Die Porträts lesen sich allesamt äußerst lebendig und spannend. Es ist keine trockene Geschichte, die dargeboten wird, sondern es wird ein faszinierender Blick in die Vergangenheit eröffnet. Und auch die thematisch sortieren Kapitel sind verständlich verfasst. Ich hatte an keiner Stelle Probleme, den Inhalten zu folgen. Das Buch ist also auch für kosmologisch interessierte Laien geeignet. Man wird nach meinem Empfinden als Leser nicht überfordert, zumal sich auch viele hilfreiche Abbildungen im Text finden (insgesamt 87 Abbildungen, teils in Farbe!), die das Gelesene teilweise noch einmal nachvollziehbar veranschaulichen.
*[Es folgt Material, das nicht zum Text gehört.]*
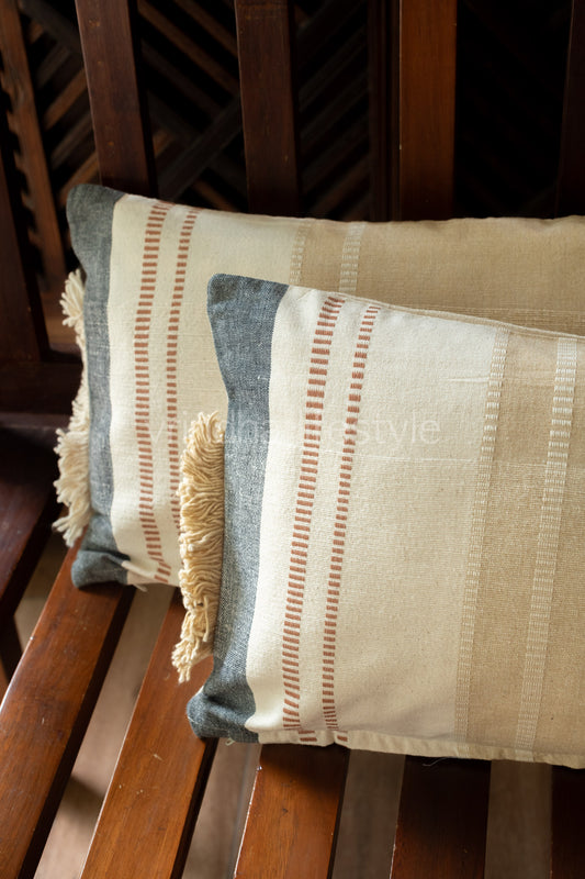 HANDLOOM COTTON CUSHION COVER WITH TASSELS-16 x 16 inches(Single unit)

Auch sogenannte „Zwischenstopp-Kapitel“, in denen die Autoren das vermittelte Wissen noch einmal kompakt zusammenfassen, sind hilfreich, um nicht den Überblick zu verlieren. Kurzum: Das gesamte Buch ist lebendig, abwechslungsreich und in einem anschaulichen und verständlichen Stil verfasst. Es liest sich stellenweise spannend wie ein Krimi. Es gibt keine sperrigen Textstellen. So macht das Lesen komplexer Wissenschaft Spaß! Ich gebe 5 Sterne!